- ASSIGNMENT -
Note on the material below: return exactly the lines from the line that holds "Fototapet Tropiskt mörkt" through the line that holds "本次设计以家用的清扫机器人为", and leave out each picture.

- PROVIDED MATERIAL -
- Opening Delimiter -

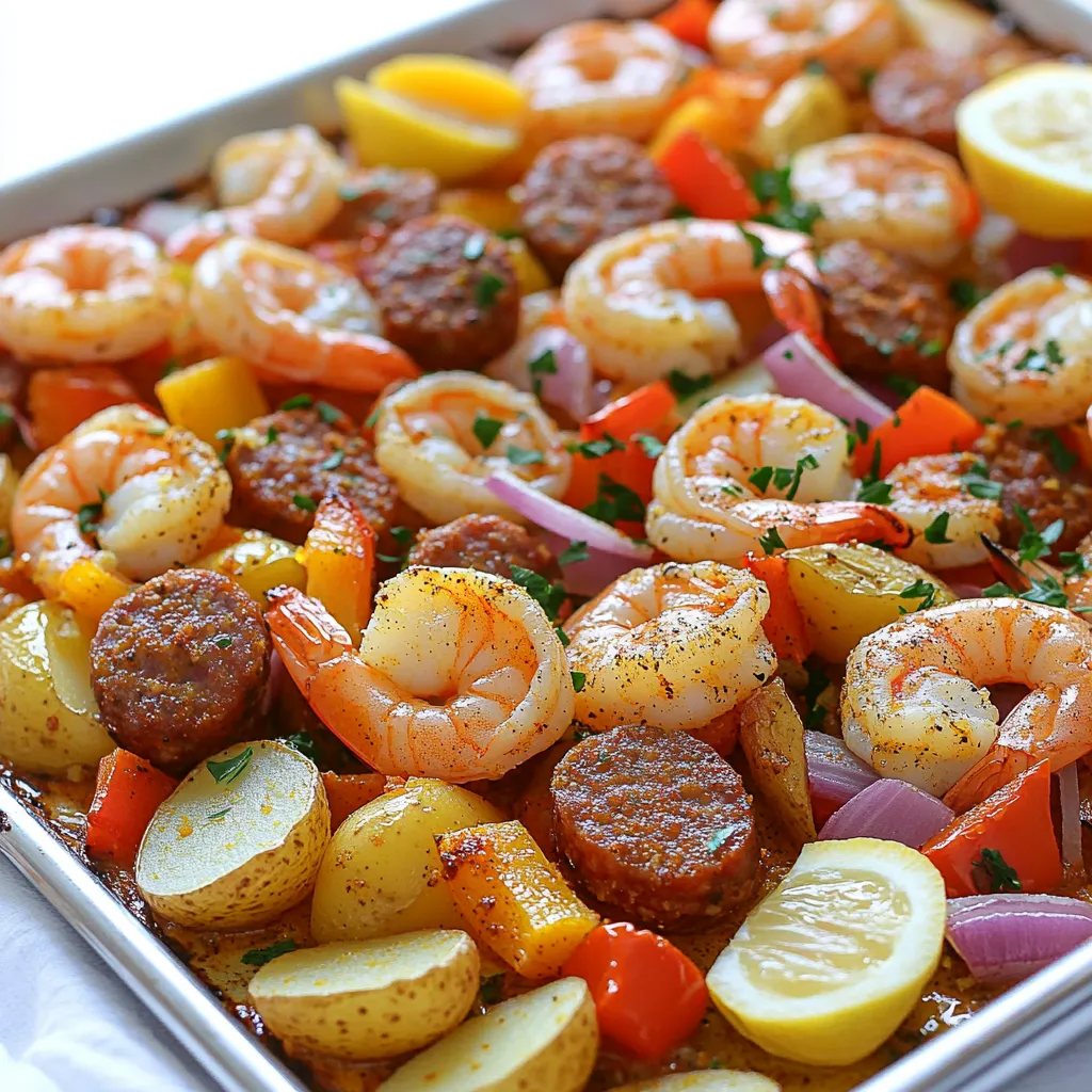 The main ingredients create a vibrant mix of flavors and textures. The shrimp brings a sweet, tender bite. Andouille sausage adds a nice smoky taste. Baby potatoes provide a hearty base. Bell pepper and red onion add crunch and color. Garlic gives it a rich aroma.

- Closing Delimiter -
- Opening Delimiter -

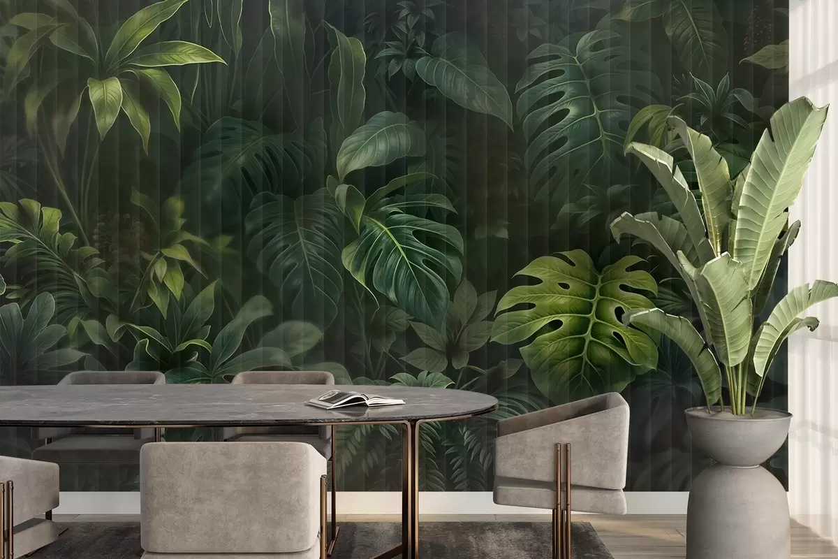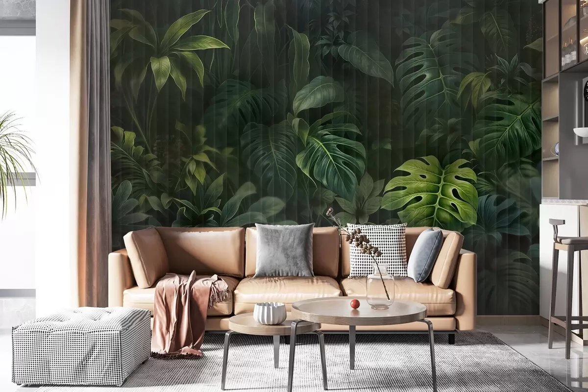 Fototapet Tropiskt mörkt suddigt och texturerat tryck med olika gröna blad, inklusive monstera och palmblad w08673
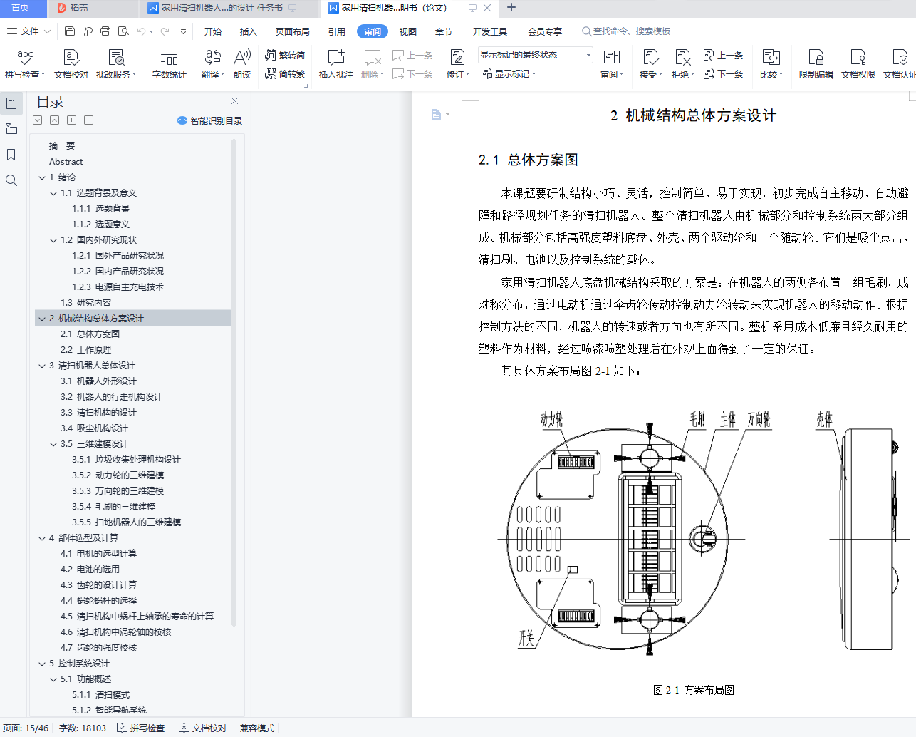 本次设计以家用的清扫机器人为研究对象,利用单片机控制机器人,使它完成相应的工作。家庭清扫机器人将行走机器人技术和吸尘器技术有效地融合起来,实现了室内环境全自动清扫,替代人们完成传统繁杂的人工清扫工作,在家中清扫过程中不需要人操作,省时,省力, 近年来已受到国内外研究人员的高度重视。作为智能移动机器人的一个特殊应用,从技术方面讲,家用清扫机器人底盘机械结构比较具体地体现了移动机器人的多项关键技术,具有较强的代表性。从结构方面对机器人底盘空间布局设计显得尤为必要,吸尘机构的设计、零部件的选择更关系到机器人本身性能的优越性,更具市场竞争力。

- Closing Delimiter -
- Opening Delimiter -

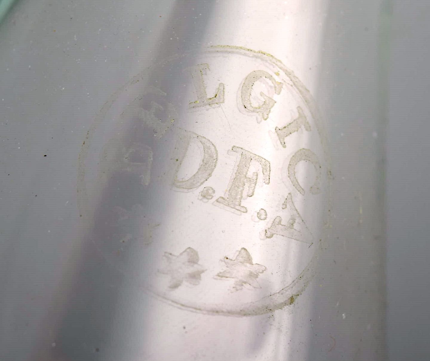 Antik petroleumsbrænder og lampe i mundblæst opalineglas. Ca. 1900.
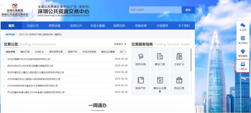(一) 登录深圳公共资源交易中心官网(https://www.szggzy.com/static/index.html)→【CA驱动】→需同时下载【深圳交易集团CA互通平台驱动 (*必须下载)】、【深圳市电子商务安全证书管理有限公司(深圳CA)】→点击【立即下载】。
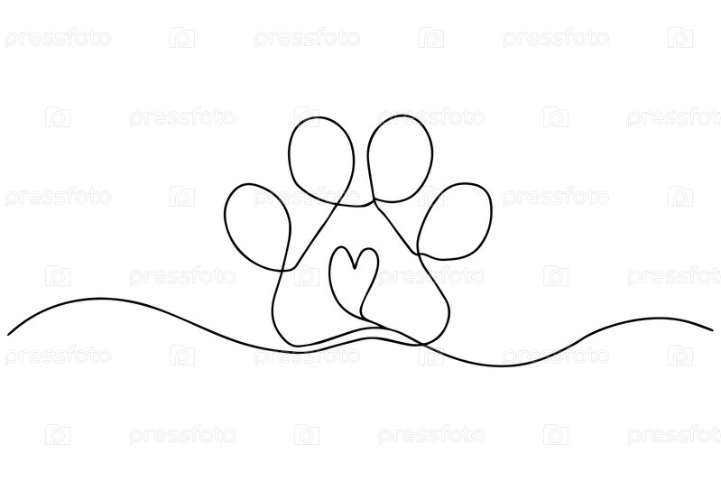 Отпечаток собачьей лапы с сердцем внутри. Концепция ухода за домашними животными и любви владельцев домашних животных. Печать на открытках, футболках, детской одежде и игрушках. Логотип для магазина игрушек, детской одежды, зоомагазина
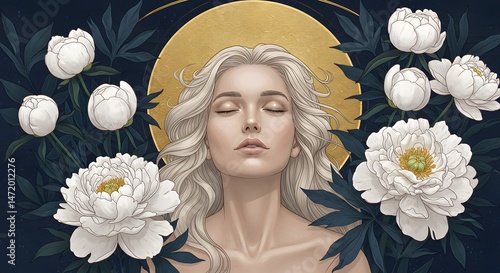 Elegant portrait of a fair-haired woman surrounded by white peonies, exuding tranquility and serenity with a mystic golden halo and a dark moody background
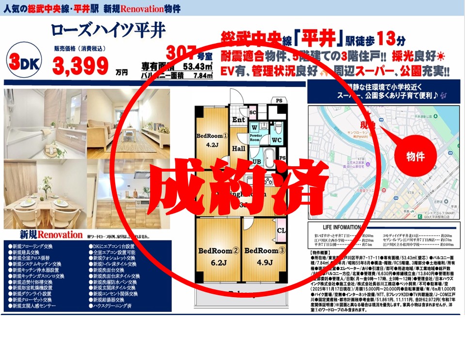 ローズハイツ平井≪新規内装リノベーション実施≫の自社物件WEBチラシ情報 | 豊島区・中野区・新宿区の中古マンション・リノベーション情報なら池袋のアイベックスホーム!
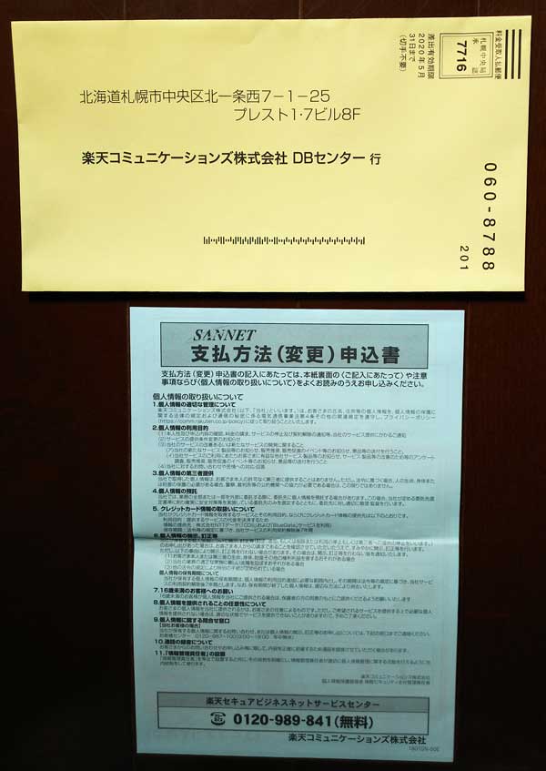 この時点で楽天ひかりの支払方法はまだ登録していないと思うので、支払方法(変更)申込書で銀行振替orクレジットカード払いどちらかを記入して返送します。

- Closing Delimiter -

- PROBLEM SOLUTION -
 Fototapet Tropiskt mörkt suddigt och texturerat tryck med olika gröna blad, inklusive monstera och palmblad w08673
 本次设计以家用的清扫机器人为研究对象,利用单片机控制机器人,使它完成相应的工作。家庭清扫机器人将行走机器人技术和吸尘器技术有效地融合起来,实现了室内环境全自动清扫,替代人们完成传统繁杂的人工清扫工作,在家中清扫过程中不需要人操作,省时,省力, 近年来已受到国内外研究人员的高度重视。作为智能移动机器人的一个特殊应用,从技术方面讲,家用清扫机器人底盘机械结构比较具体地体现了移动机器人的多项关键技术,具有较强的代表性。从结构方面对机器人底盘空间布局设计显得尤为必要,吸尘机构的设计、零部件的选择更关系到机器人本身性能的优越性,更具市场竞争力。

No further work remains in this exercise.